Capiamo come già qui si debba passare dai mezzi più tradizionali di fare arte ad un’arte che trovi

nuovi mezzi espressivi, che ricerchi un qualcosa che sia immateriale. Ad esempio, nella costruzione

dell’opera, la luce diventa materia, quindi, ciò che è immateriale entra a far parte dell’opera.

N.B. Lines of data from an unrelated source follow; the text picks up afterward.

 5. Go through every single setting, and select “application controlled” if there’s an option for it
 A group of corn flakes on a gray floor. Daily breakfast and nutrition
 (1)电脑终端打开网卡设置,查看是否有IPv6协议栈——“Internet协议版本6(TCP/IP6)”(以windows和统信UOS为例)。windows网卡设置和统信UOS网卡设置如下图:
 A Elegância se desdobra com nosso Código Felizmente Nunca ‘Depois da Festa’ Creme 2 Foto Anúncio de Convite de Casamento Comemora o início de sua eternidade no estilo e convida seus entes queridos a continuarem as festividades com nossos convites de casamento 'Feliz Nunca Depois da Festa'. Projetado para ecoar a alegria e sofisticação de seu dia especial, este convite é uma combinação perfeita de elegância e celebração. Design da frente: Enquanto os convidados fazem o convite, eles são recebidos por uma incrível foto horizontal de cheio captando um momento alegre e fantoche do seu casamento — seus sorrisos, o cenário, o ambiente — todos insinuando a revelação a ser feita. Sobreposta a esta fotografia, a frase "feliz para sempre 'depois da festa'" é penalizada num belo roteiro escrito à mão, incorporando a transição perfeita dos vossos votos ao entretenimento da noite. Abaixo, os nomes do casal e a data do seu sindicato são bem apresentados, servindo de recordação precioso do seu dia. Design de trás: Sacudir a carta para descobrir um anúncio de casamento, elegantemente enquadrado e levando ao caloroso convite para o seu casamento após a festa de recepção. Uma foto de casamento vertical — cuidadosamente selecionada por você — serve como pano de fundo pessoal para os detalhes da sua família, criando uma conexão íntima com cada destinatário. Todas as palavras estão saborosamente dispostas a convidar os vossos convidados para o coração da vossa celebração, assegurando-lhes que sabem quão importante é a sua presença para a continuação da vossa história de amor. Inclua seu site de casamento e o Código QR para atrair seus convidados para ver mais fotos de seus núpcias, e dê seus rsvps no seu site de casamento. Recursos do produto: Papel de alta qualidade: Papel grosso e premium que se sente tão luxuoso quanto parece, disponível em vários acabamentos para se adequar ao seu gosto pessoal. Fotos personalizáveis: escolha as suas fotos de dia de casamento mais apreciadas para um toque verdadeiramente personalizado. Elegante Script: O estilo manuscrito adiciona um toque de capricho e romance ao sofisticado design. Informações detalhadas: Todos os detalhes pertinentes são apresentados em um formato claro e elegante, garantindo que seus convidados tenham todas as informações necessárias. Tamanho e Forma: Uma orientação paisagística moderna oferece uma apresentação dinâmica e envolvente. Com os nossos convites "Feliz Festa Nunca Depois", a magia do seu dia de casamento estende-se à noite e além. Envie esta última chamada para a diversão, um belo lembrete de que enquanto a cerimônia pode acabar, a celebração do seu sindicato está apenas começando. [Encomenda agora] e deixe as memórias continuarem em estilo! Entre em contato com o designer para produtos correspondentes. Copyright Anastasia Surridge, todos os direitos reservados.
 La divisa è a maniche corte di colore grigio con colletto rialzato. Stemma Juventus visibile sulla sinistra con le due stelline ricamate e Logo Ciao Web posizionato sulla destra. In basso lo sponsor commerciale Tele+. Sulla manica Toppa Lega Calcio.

Lucio Fontana, Concetto Spaziale, 1949: è l’inizio della serie detta dei “buchi”. Il modo in cui

interviene per la prima volta sulla tela è proprio col buco. Il buco crea queste conformazioni quasi

cosmiche, sembrano delle costellazioni, delle immagini astrali. È un riferimento all’aspirazione

dell’uomo alla conquista dello spazio che già in questi anni era forte. Il buco non è un atto

violento, di distruzione della tela ma è un atto che costruisce una dimensione ulteriore oltre la

tela. È una dimensione infinita. Vediamo come Fontana va oltre a qualsiasi rappresentazione

tradizionale dello spazio, va oltre la prospettiva; buca la tela per aprire una dimensione cosmica e

questo lo ritroviamo proprio in alcuni suoi scritti.

Il buco ha proprio questa valenza di spazio all’interno della superficie pittorica del quadro.

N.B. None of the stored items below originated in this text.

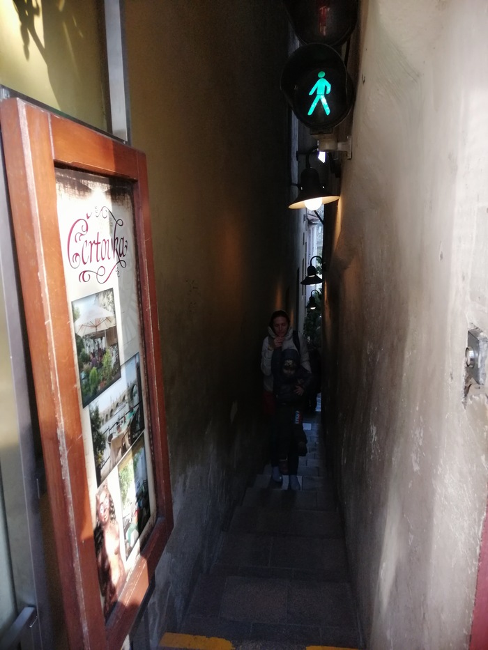 Рядом самая узкая улица Праги - знaмeнитaя Bинapнa Чepтoвкa, движение пешеходов на ней peгулиpуeт cвeтoфop, иначе не разойтись встречным.
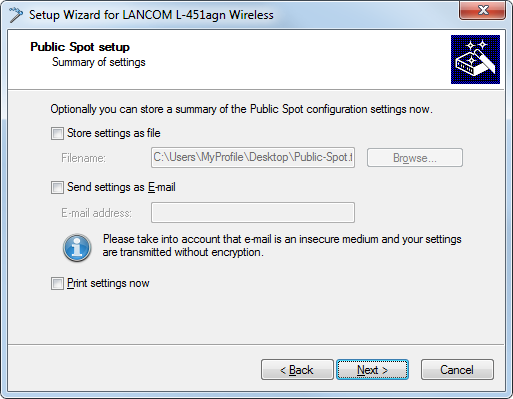 12. The click Next and finally Finish to complete the basic installation of the Public Spot. The Setup Wizard will now send the settings to the device.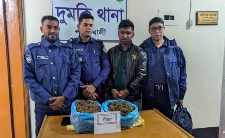 পটুয়াখালীর দুমকি উপজেলার পায়রা সেতুর টোলপ্লাজায় সোমবার (২৪ নভেম্বর) রাত সাড়ে ১০টার দিকে নিয়মিত তল্লাশিকালে পুলিশ ৩ কেজি ৩০০ গ্রাম গাঁজাসহ রোমান মোল্লা (৩৫) নামে এক মাদক ব্যবসায়ীকে গ্রেফতার করেছে। ...বিস্তারিত পড়ুন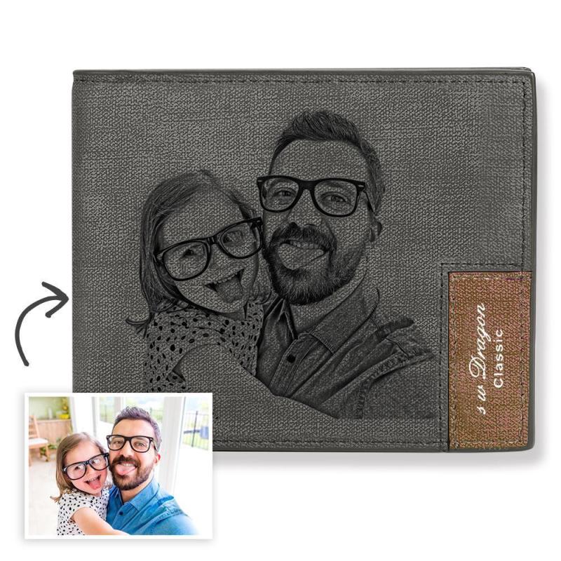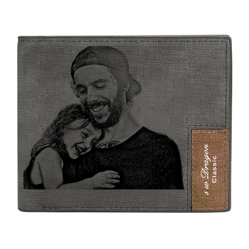 Portefeuille Court Personnalisé pour Hommes avec Photo Gravée Cadeau pour Papa

In un dialogo con Carla Lonzi, Fontana sottolinea il significato dei suoi buchi: “[…] più in là della

prospettiva...la scoperta del cosmo è una dimensione nuova, è l’infinito, allora buco questa tela,

che era alla base di tutte le arti e ho creato una dimensione infinita… l’idea è proprio quella lì, è

una dimensione nuova corrispondente al cosmo… Il buco era, appunto, creare questo vuoto dietro

di lì… La scoperta di Einstein del cosmo è la dimensione all’infinito, senza fine.”.

Vediamo come ci siano anche dei riferimenti alla teoria della relatività di Einstein e alle nuove

concezioni dello spazio e del tempo di cui si discuteva molto negli ambienti artistici in questi anni.

“E, allora, ecco che: primo, secondo e terzo piano.. per andare più in là cosa devo fare?... io buco,

passa l’infinito di lì, passa la luce, non c’è bisogno di dipingere”.

Nel buco è presente una concezione dello spazio inteso in modo moderno, in linea con le scoperte

scientifiche e tecnologiche.

La luce diventa materia all’interno dell’opera di Fontana. Proprio questi primi concetti spaziali,

questi primi buchi si possono leggere in parallelo anche con i primi ambienti di Fontana.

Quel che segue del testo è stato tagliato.